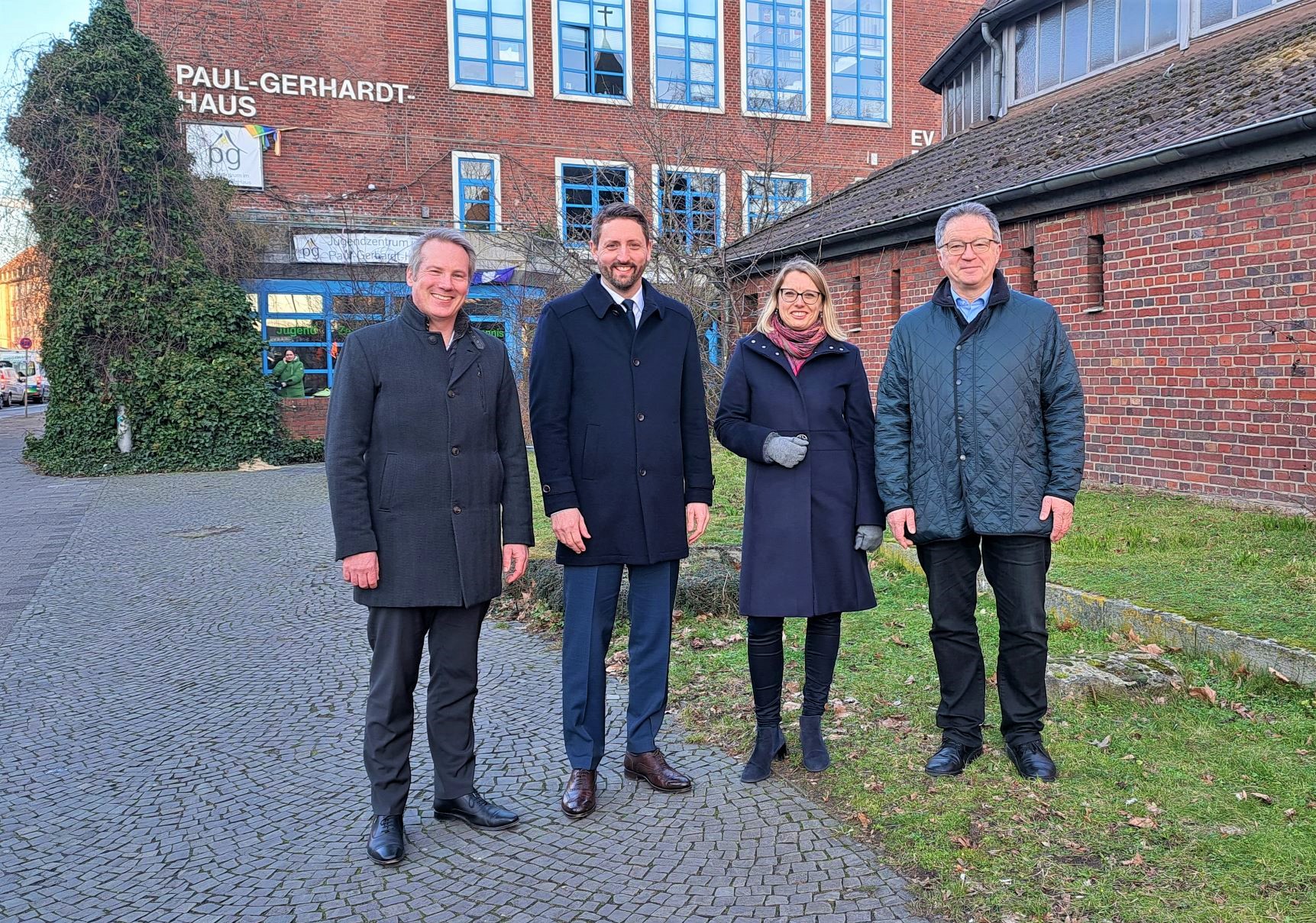 Die Projektpartner trafen sich vor Ort am künftigen Standort des Bildungs- und Begegnungs-Campus in Münster (v.l.): Dr. Nils Brüggemann (Vorstandsvorsitzender Franziskus Stiftung), Robin Denstorff (Stadtbaurat Stadt Münster), Annika Wolter (Regionalgeschäftsführerin Franziskus Stiftung für die Region Münster) und Frank Winkelmeyer (Pfarrer evangelische Erlöser-Kirchengemeinde).
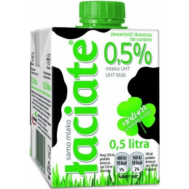 Mleko ŁACIATE poddane zostało procesowi UHT w możliwie najlepszych warunkach, dzięki czemu ma zdecydowanie dłuższy okres przydatności, zachowując wszystkie swoje walory odżywcze nawet przez sześć miesięcy od momentu produkcji. Karton z wygodnym zamknięciem typu r-cap. Mleko w kartonie o pojemności 1l lub 0,5l. Zawartość tłuszczu: 0,5%, 2,0%, 3,2%.
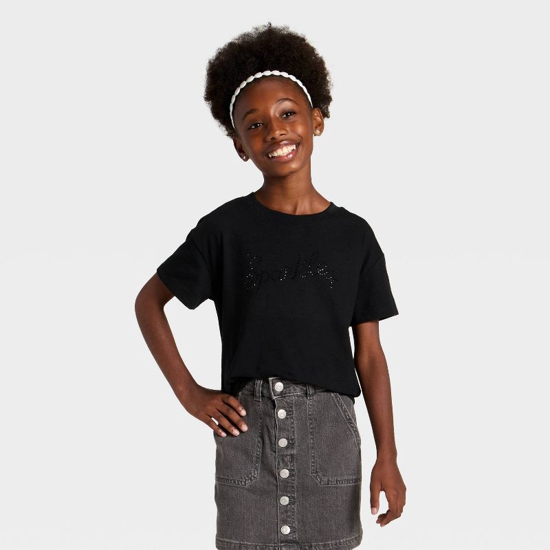 slide 1 of 4, Girls' Short Sleeve Sparkle Relaxed Fit Graphic T-Shirt - Cat & Jack™ Black L, 1 ct

The task: Repeat the data in full and exactly. Omit pictures.

Task result:
 Die Projektpartner trafen sich vor Ort am künftigen Standort des Bildungs- und Begegnungs-Campus in Münster (v.l.): Dr. Nils Brüggemann (Vorstandsvorsitzender Franziskus Stiftung), Robin Denstorff (Stadtbaurat Stadt Münster), Annika Wolter (Regionalgeschäftsführerin Franziskus Stiftung für die Region Münster) und Frank Winkelmeyer (Pfarrer evangelische Erlöser-Kirchengemeinde).
 Mleko ŁACIATE poddane zostało procesowi UHT w możliwie najlepszych warunkach, dzięki czemu ma zdecydowanie dłuższy okres przydatności, zachowując wszystkie swoje walory odżywcze nawet przez sześć miesięcy od momentu produkcji. Karton z wygodnym zamknięciem typu r-cap. Mleko w kartonie o pojemności 1l lub 0,5l. Zawartość tłuszczu: 0,5%, 2,0%, 3,2%.
 slide 1 of 4, Girls' Short Sleeve Sparkle Relaxed Fit Graphic T-Shirt - Cat & Jack™ Black L, 1 ct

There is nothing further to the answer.